Durch das Anti-Tangle und das Birnenblei kann der Fisch ja mit dem Köder abziehen ohne dass er einen Widerstand spürt. Aber wie merke ich, dass ein Fisch gebissen hat?
Hab keinen E-Bissanzeiger nur ein altes Aalglöckchen aus der Angelkiste. 
Soll man die Schnur straff ziehen oder anhand des Schnurbogens auf dem Wasser erkennen, dass ein Fisch abzieht?

Hoffe mir kann geholfen werden|wavey:


----------



## antonio (20. Mai 2012)

*AW: Erste Mal Grundmontage: Bisserkennung?*

nimm nen einhängebisanzeiger oder nen kletteraffen als beispiel.

antonio


----------



## Chefkoch85 (20. Mai 2012)

*AW: Erste Mal Grundmontage: Bisserkennung?*

Wenn du eine weiche rute hast kannst Du auch die Spitze beobachten. Wenns wackel dann beists.

Alternativ kannst du dir auch nen gewindering vorne drauf machen lassen und dann mit ner schwingspitze angeln. Sollte nicht viel Kosten und is ne schöne angelei. So hab ich auch angefangen.

Grüßla


----------



## Hechters (20. Mai 2012)

*AW: Erste Mal Grundmontage: Bisserkennung?*

Hallo Seneca,

wirf Deine Grundmontage aus, leg die Rute parallel zum Boden auf zwei Erdspießen ab.
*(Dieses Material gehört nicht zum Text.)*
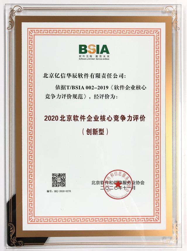 今年,北京軟協(xié)聚焦北京市軟件和信息服務(wù)業(yè)內(nèi)的優(yōu)秀企業(yè),依據(jù)《軟件企業(yè)核心競爭力評價規(guī)范》(T/BSIA 002-2019),從企業(yè)規(guī)模、經(jīng)營業(yè)績、研發(fā)能力、創(chuàng)新成果、質(zhì)量保證五個維度進(jìn)行層層審核,優(yōu)中選優(yōu)。最終,億信華辰憑借自身在信息化領(lǐng)域的創(chuàng)新能力脫穎而出,獲得了"創(chuàng)新型"評價。
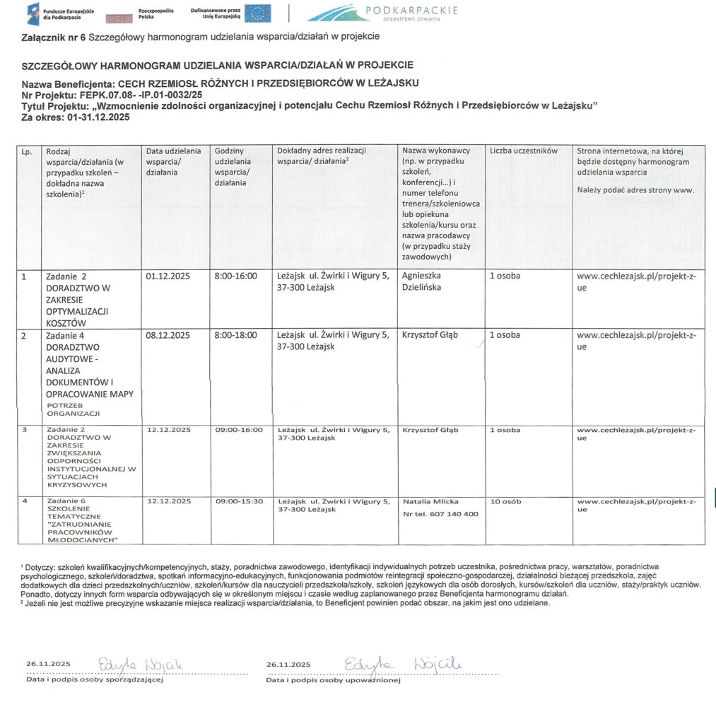 SZCZEGÓŁOWY HARMONOGRAM UDZIELANIA WSPARCIA W PROJEKCIE
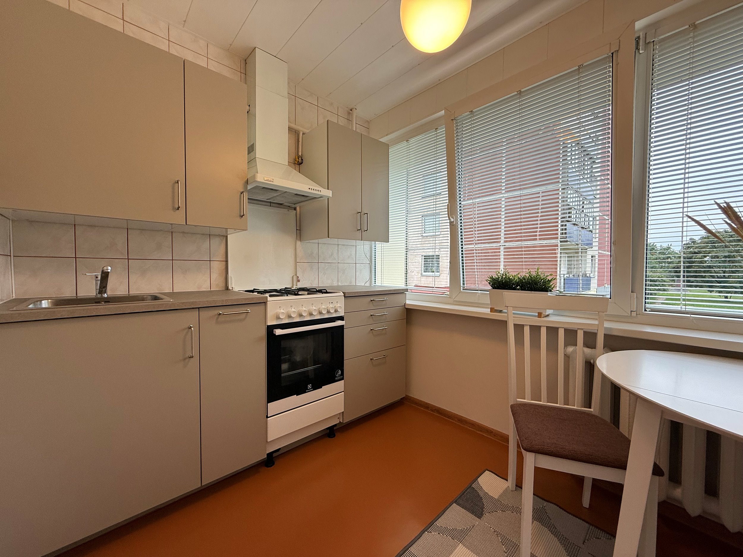 Išplanavimas: svetainė/miegamasis, virtuvė, tamsus kambarys, vonios kambarys, vonia.

Dann öffne leicht die Bremse (falls mal ein Karpfen) das Madenbündel nimmt, und dann ziehe zwischen Rolle und ersten Rutenring die Schnur ein Drittel richtung Boden und häng ein stück gerollte Alufolie in V- Form in die Schnur. Z. B.
Beisst ein Fsch und zieht ab, strafft die Schnur. Schwimmt der Fisch nach dem Biss in Deine Richtung, geht die Folie zu Boden.
So hab ich vor 20 Jahren meinen ersten Stör gefangen ;-)

Versuch es mal...

_VG Hechters_


----------



## Seneca (20. Mai 2012)

*AW: Erste Mal Grundmontage: Bisserkennung?*

Vielen Dank für eure praktischen und z.T. ja auch günstigen Tipps:m

Noch ein Frage: Wie lang sollte denn das Vorfach sein?
Benutze vorgefertigte mit 60cm Länge und 0,16er Durchmesser. 60cm erscheint mir ein bisschen lang, oder? Wie würdet ihr kürzen (also Länge zwiwschen Wirbel/Hauptschnur/Blei und Haken) ?


----------



## Gelöschte Mitglieder 136077 (20. Mai 2012)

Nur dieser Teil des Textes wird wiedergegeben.